* [Assignment] Excluding pictures, retype the line with "Kontrollerad miljö: Oavsett" and each line that follows it to the end of the data below, word for word.

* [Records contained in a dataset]

BEGIN

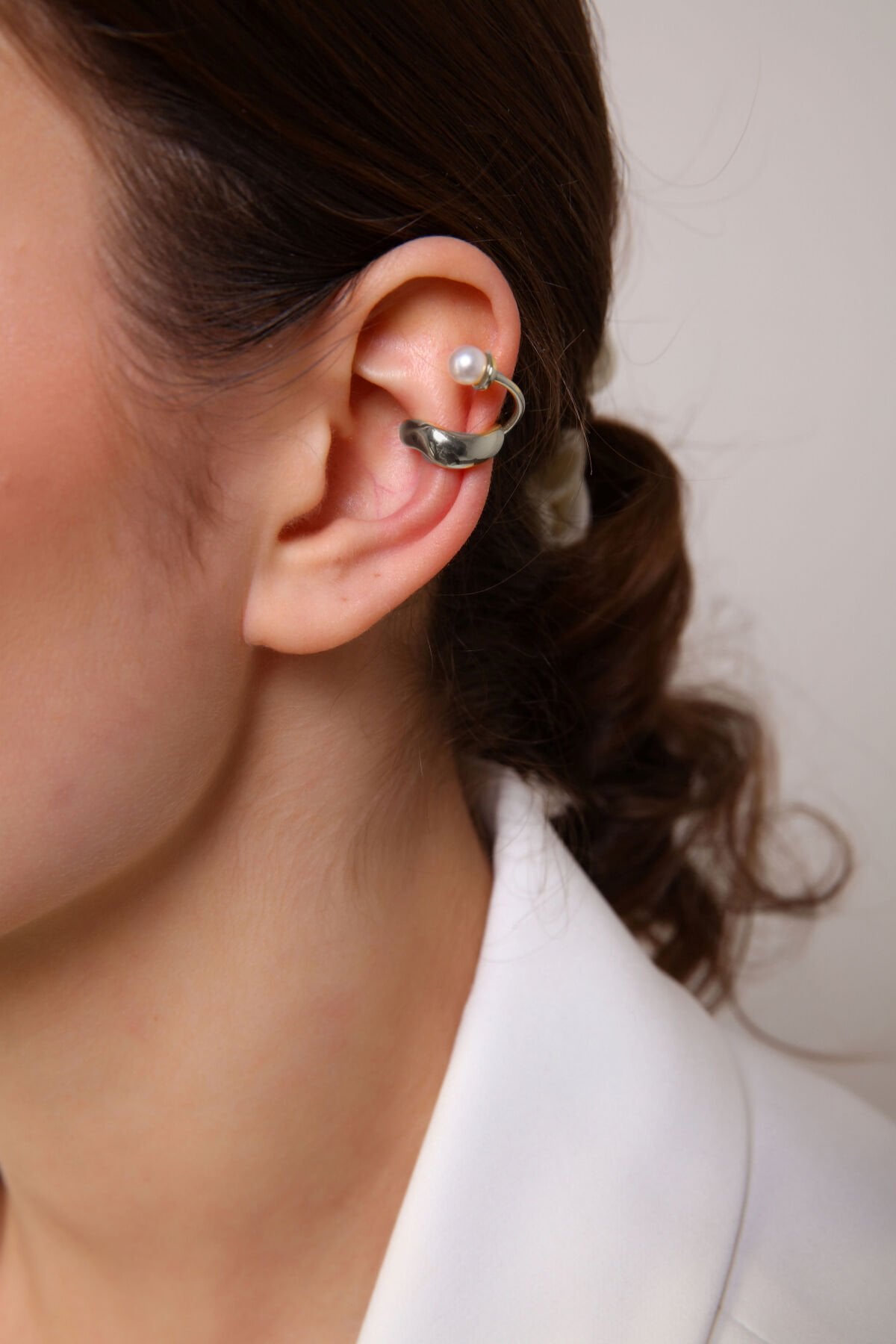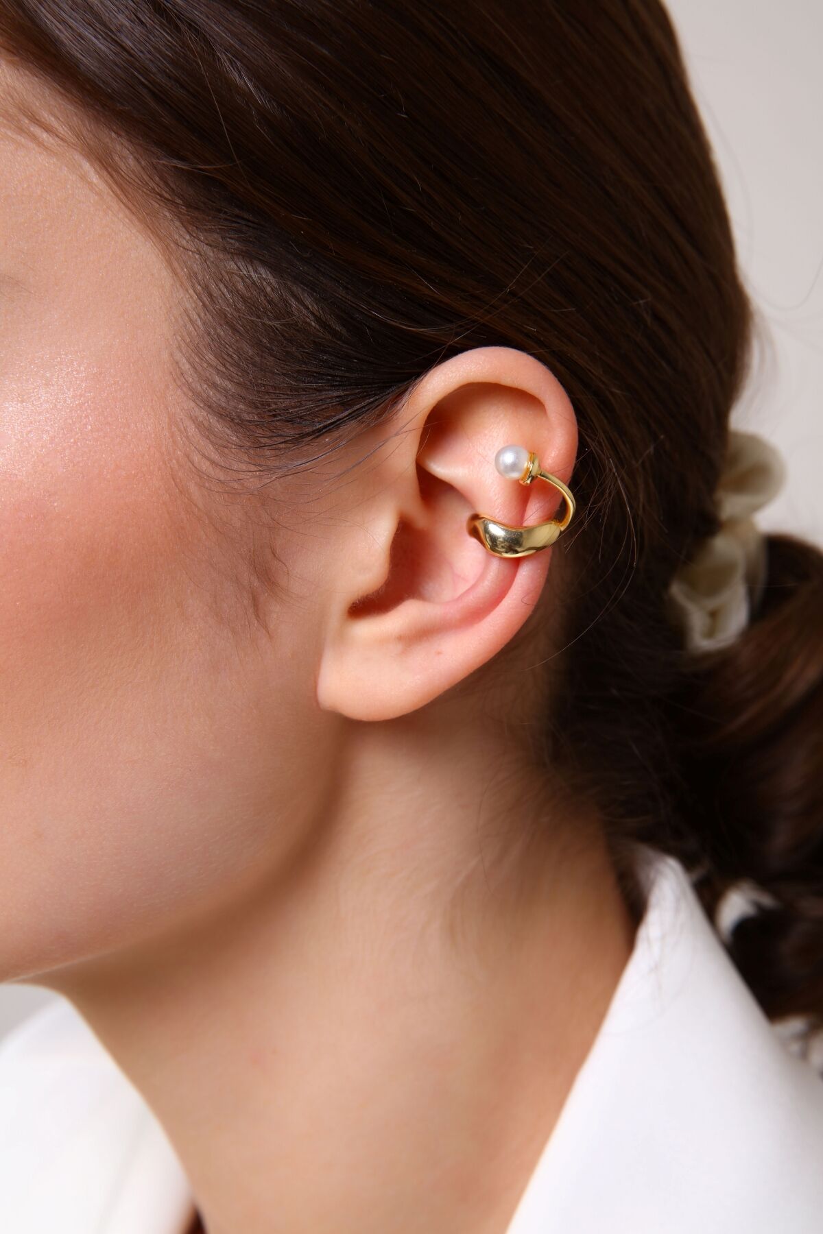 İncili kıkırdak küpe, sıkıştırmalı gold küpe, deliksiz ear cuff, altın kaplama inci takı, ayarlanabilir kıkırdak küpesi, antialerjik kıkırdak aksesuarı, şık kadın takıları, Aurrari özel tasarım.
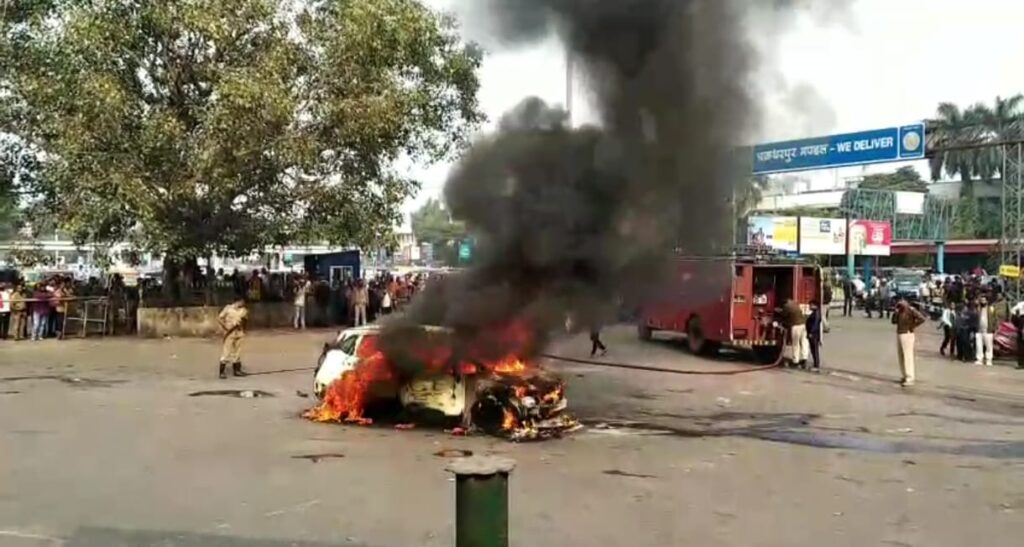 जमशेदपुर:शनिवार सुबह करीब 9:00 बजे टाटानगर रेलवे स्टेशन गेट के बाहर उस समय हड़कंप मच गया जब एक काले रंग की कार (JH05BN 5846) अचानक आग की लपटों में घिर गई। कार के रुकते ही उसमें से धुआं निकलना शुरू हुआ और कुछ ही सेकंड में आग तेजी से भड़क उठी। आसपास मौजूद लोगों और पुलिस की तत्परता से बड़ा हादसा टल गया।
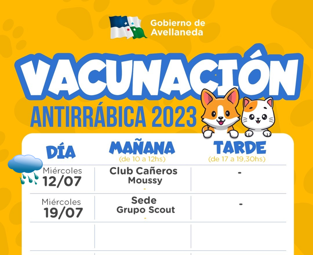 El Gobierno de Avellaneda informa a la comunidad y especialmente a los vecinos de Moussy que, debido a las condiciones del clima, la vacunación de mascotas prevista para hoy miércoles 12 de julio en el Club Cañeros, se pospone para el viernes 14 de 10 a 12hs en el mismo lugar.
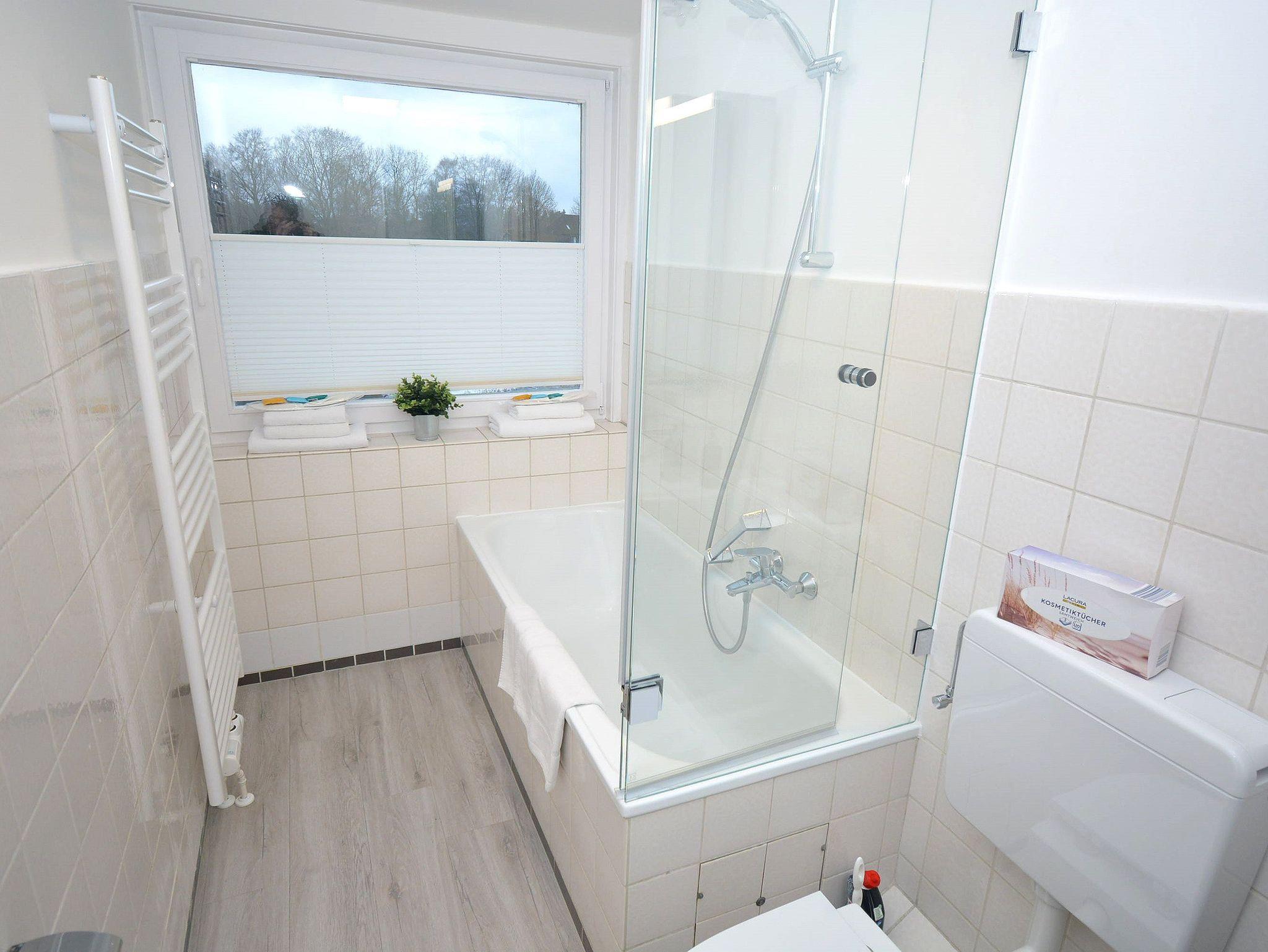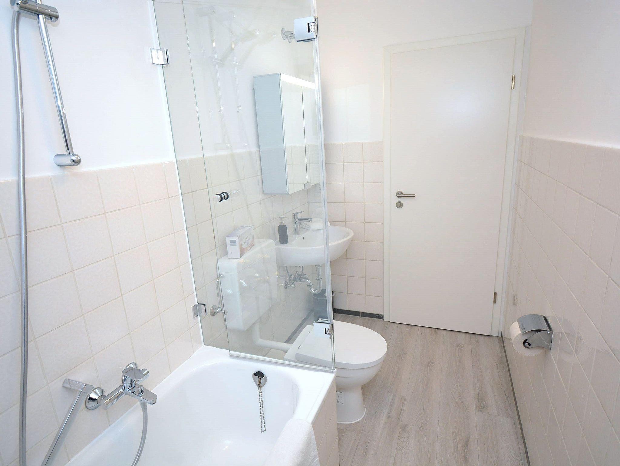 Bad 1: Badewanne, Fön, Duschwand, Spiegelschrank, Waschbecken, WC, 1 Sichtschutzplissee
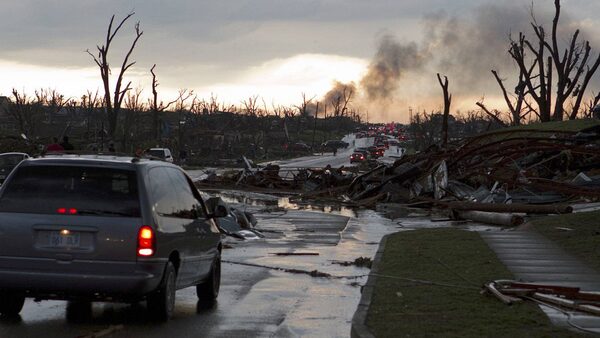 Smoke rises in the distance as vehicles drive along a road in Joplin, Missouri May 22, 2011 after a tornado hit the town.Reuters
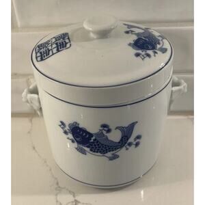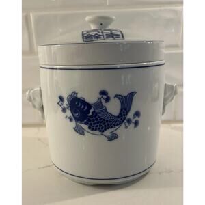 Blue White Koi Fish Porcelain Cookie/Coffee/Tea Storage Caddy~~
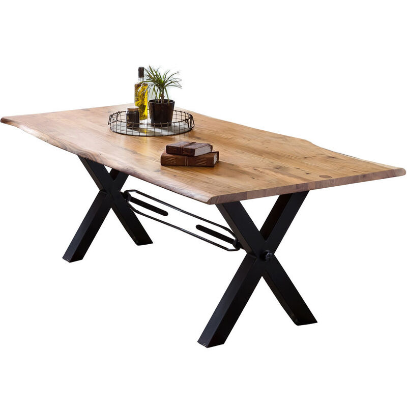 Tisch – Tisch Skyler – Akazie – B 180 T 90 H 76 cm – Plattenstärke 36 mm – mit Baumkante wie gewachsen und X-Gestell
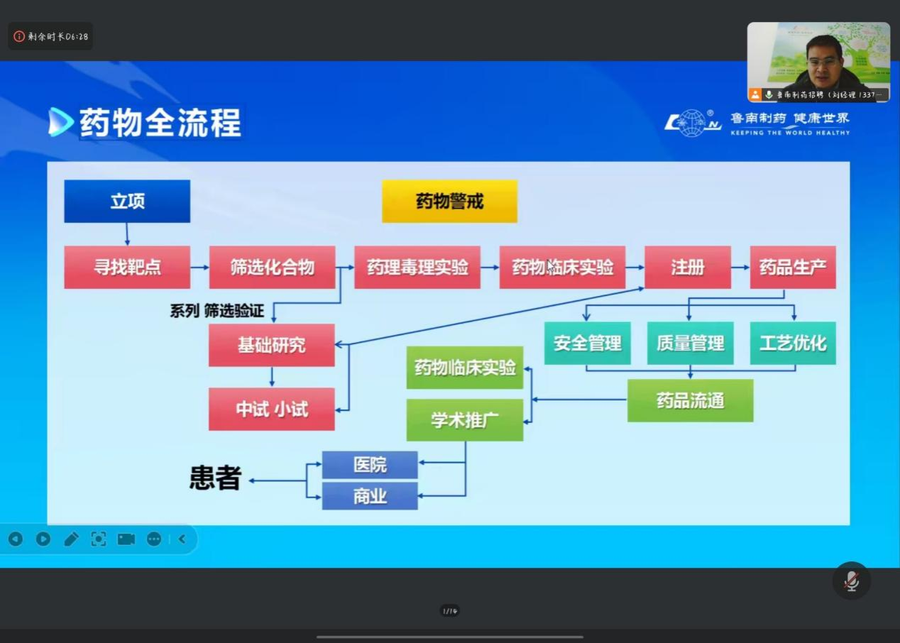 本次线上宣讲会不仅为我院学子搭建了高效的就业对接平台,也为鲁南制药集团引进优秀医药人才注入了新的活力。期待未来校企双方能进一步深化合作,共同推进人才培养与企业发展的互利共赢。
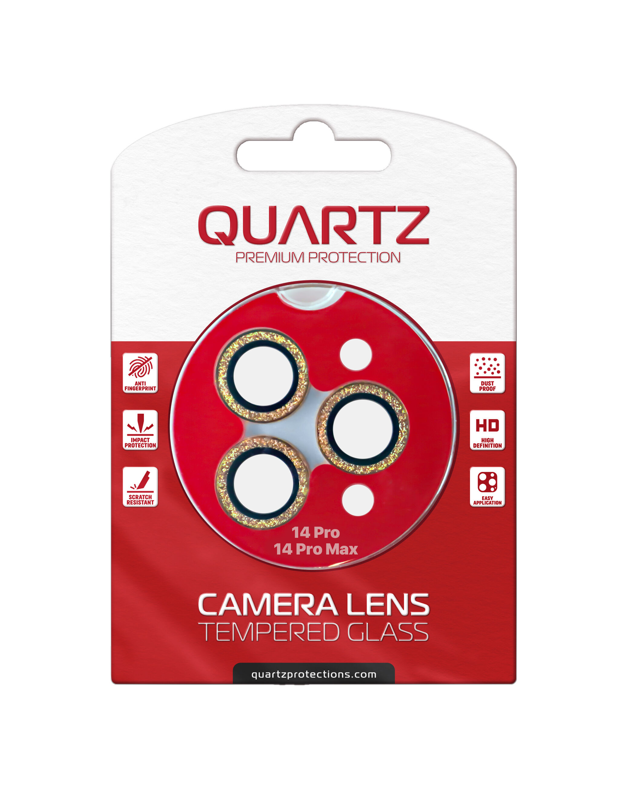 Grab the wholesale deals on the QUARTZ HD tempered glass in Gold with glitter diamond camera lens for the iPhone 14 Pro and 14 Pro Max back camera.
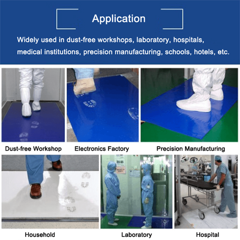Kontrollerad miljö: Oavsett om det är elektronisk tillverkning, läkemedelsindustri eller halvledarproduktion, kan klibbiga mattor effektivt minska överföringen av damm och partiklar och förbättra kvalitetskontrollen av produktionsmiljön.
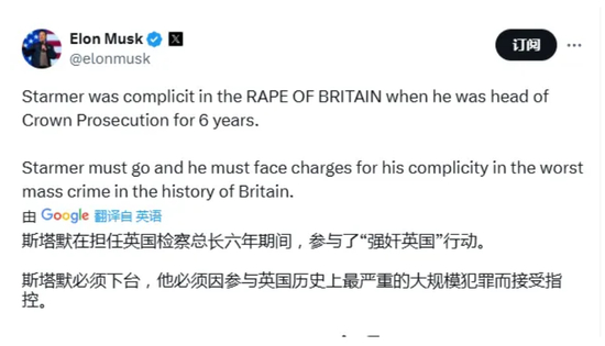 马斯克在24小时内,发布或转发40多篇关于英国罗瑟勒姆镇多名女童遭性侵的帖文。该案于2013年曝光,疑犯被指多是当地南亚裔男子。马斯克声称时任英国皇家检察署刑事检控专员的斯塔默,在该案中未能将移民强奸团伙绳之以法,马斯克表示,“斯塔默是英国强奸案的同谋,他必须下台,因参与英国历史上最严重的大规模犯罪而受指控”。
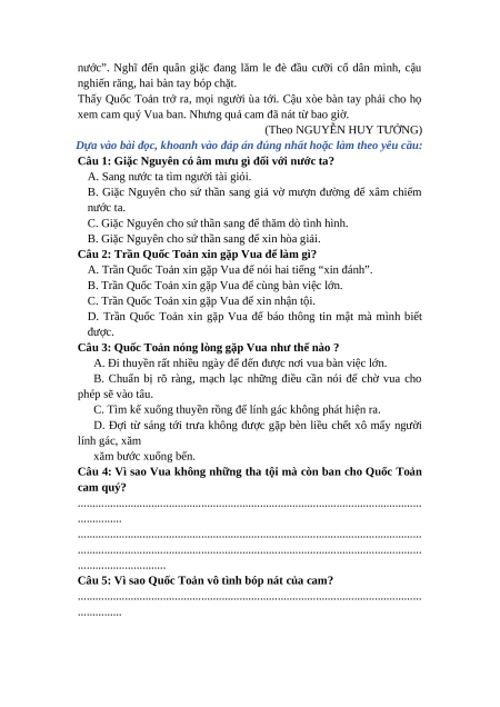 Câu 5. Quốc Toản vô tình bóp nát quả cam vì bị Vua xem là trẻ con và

END

* [Task result]
Kontrollerad miljö: Oavsett om det är elektronisk tillverkning, läkemedelsindustri eller halvledarproduktion, kan klibbiga mattor effektivt minska överföringen av damm och partiklar och förbättra kvalitetskontrollen av produktionsmiljön.
 马斯克在24小时内,发布或转发40多篇关于英国罗瑟勒姆镇多名女童遭性侵的帖文。该案于2013年曝光,疑犯被指多是当地南亚裔男子。马斯克声称时任英国皇家检察署刑事检控专员的斯塔默,在该案中未能将移民强奸团伙绳之以法,马斯克表示,“斯塔默是英国强奸案的同谋,他必须下台,因参与英国历史上最严重的大规模犯罪而受指控”。
 Câu 5. Quốc Toản vô tình bóp nát quả cam vì bị Vua xem là trẻ con và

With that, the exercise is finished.